MENU
 
 
  • Strawberry sponge cake

    1 vote
    Strawberry sponge cake
    Prep: 25 min Cook: 25-30 min Servings: 8
    by Dominika
    6 recipes
    >
    This year I have opened the strawberry season with a strawberry sponge cake recipe. This strawberry cake is so easy to make and it tastes delicious so it should become the essential summer cake recipe in every kitchen.

    Ingredients

    • 200g unsalted butter, at room temperature
    • 200g caster sugar
    • 4 medium eggs, at room temperature
    • 200g self raising flour
    • 1 tsp vanilla extract
    • 300ml fresh double cream, or 300ml fresh whipping cream
    • approx. 500g of freshly picked strawberries
    • icing sugar
    • optional: grated dark chocolate (70% of cocoa)

    Directions

    1. - First you need to bake a sponge cake.
    2. - Preheat oven to 200C/fan 180C/gas mark 6/392F/moderate.
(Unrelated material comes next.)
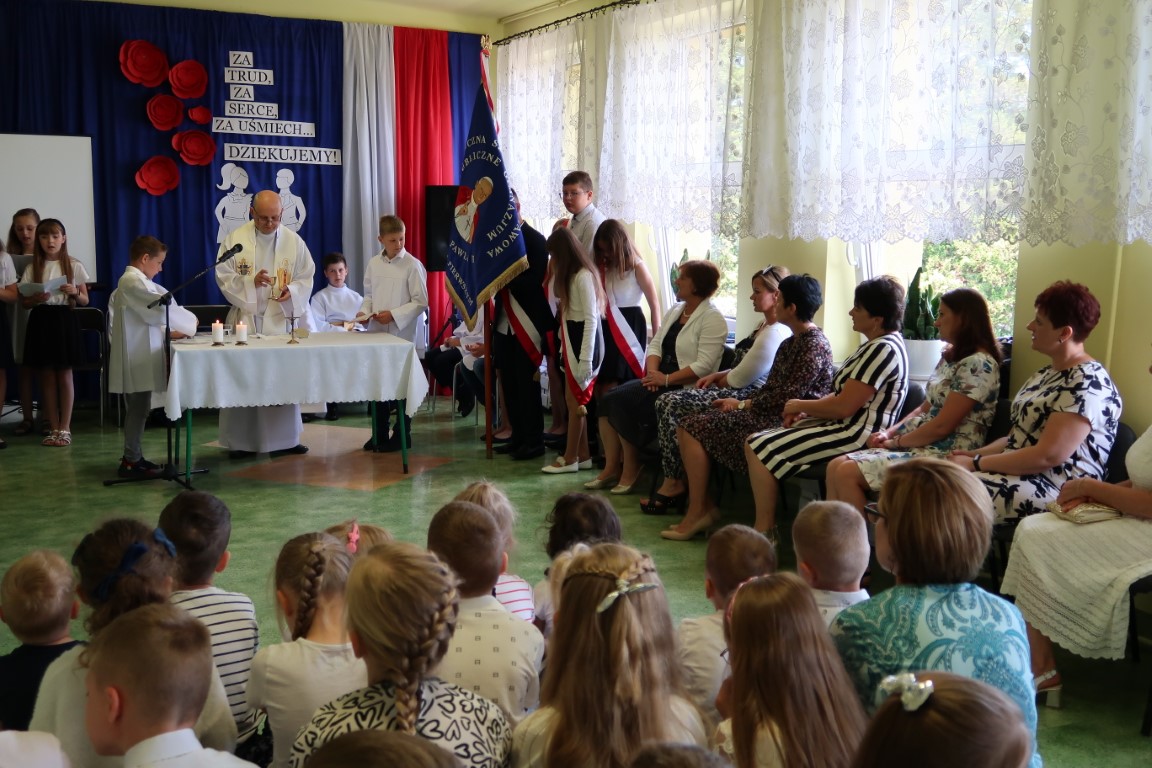 W piątek, 24 czerwca 2022 roku w naszej szkole odbyła się uroczystość zakończenia roku szkolnego 2021/2022, która miała szczególnie wzruszający charakter. Wiązała się bowiem z pożegnaniem uczniów klasy ósmej, którzy kończyli swoją edukację na poziomie podstawowym. Uroczystość rozpoczęła się od mszy świętej, na którą przybyli uczniowie z rodzicami, dyrektor, nauczyciele oraz pracownicy obsługi szkoły. Część oficjalną rozpoczęła Pani Dyrektor witając wszystkich zebranych: uczniów, rodziców, nauczycieli, pracowników obsługi i zaproszonych gości: Burmistrza Modliborzyc – Pana Witolda Kowalika, Sekretarz Gminy – Panią Marzenę Dolecką- Jocek oraz Księdza Proboszcza Parafii Brzeziny - Krzysztofa Woźniaka. Po powitaniu wszyscy odśpiewali hymn państwowy, a uczniowie klasy ósmej złożyli ślubowanie. Następnie dyrektor szkoły – p. Małgorzata Wisińska i wychowawczyni klasy VIII – p. Dorota Rząd wręczyły absolwentom świadectwa ukończenia szkoły podstawowej, listy gratulacyjne rodzicom wyróżnionych uczniów oraz podziękowania dla rodziców za pracę na rzecz szkoły. Dyrektor szkoły podziękowała wychowawczyni klasy ósmej i nauczycielom uczącym w tej klasie za trud włożony w edukację i pracę opiekuńczo – wychowawczą. Wychowawczyni klasy ósmej podziękowała nauczycielom za trud włożony w nauczanie i duże zaangażowanie w przygotowanie wychowanków do egzaminu ósmoklasisty, rodzicom za dobrą współpracę i przygotowanie wielu imprez klasowych oraz uczniom za podejmowanie wielu inicjatyw dla dobra klasy, lojalność i odpowiedzialność.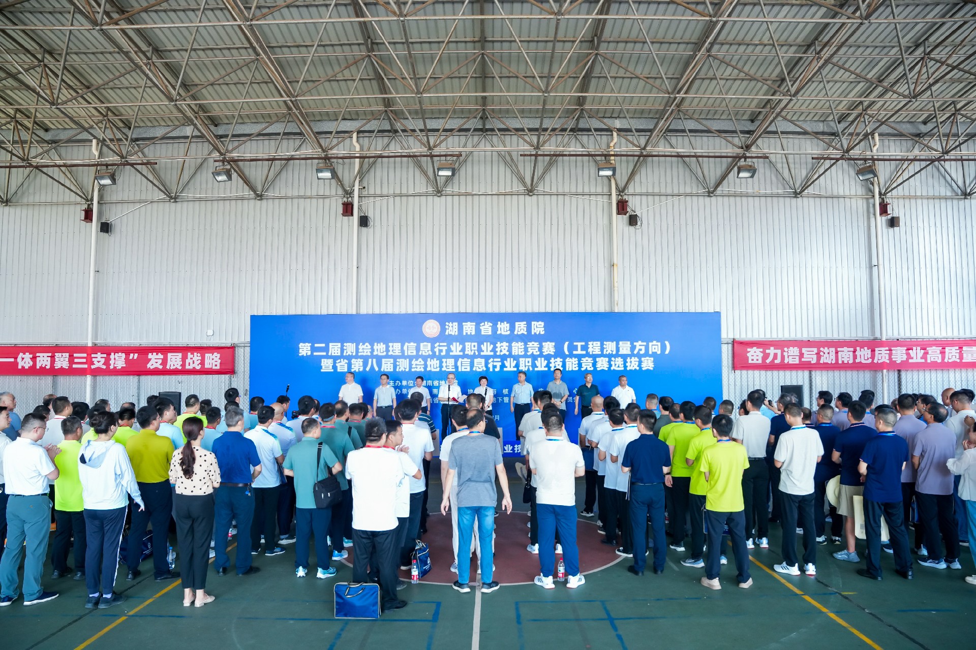 骄阳似火燃八月,测绘精英聚长沙。8月8日,湖南省地质院第二届测绘地理信息行业职业技能竞赛(工程测量方向)暨省第八届测绘地理信息行业职业技能竞赛选拔赛在长沙正式拉开帷幕。省地质院党委副书记、院长张皓在开幕式上致辞并宣布竞赛开幕,省测绘地理信息学会理事长王善明出席并讲话,省地质院党委委员、总工程师曹幼元主持开幕式,省自然资源厅国土测绘处副处长成勇翔参加。

Place the butter and sugar in a bowl and cream together until pale and fluffy (about 5 minutes).
    3. - In another bowl lightly beat the eggs.
    4. - Slowly add the eggs to the butter-sugar mixture mixing at low speed, add 1tsp of vanilla.
    5. - Once the eggs and butter-sugar mixture are combined, slowly mix in self raising flour.
    6. - Grease a baking tin with butter, cut a piece of greaseproof paper to fit inside. Optional: if you run out of greaseproof paper, grease the tin with butter and cover it with breadcrumbs.
    7. - Using a small palette knife fill the baking tin evenly with the mixture.
    8. - Bake for about 25-30 minutes. Test the sponge cake with a thin knife. It should come out clean when the cake is baked.
    9. - Allow the sponge cake to cool on a wire rack. Take a knife and cut off the top of the cake to get a flat surface.
    10. - Mix the cream (in this case - I prefer double cream because it gets much stiffer than whipping cream). Spoon a few tablespoons of the cream on the cake and use a small palette knife to level and smooth the surface.
    11. - Wash the strawberries in cold water and cut every strawberry into quarters. Cover the whole surface with strawberries and sprinkle with icing sugar.
    12. - Use as many strawberries as you can to cover all the cake's surface.
    13. - Before serving this yummy strawberry cake chill it in a refrigerator for 15 minutes to allow the cream to become firmer.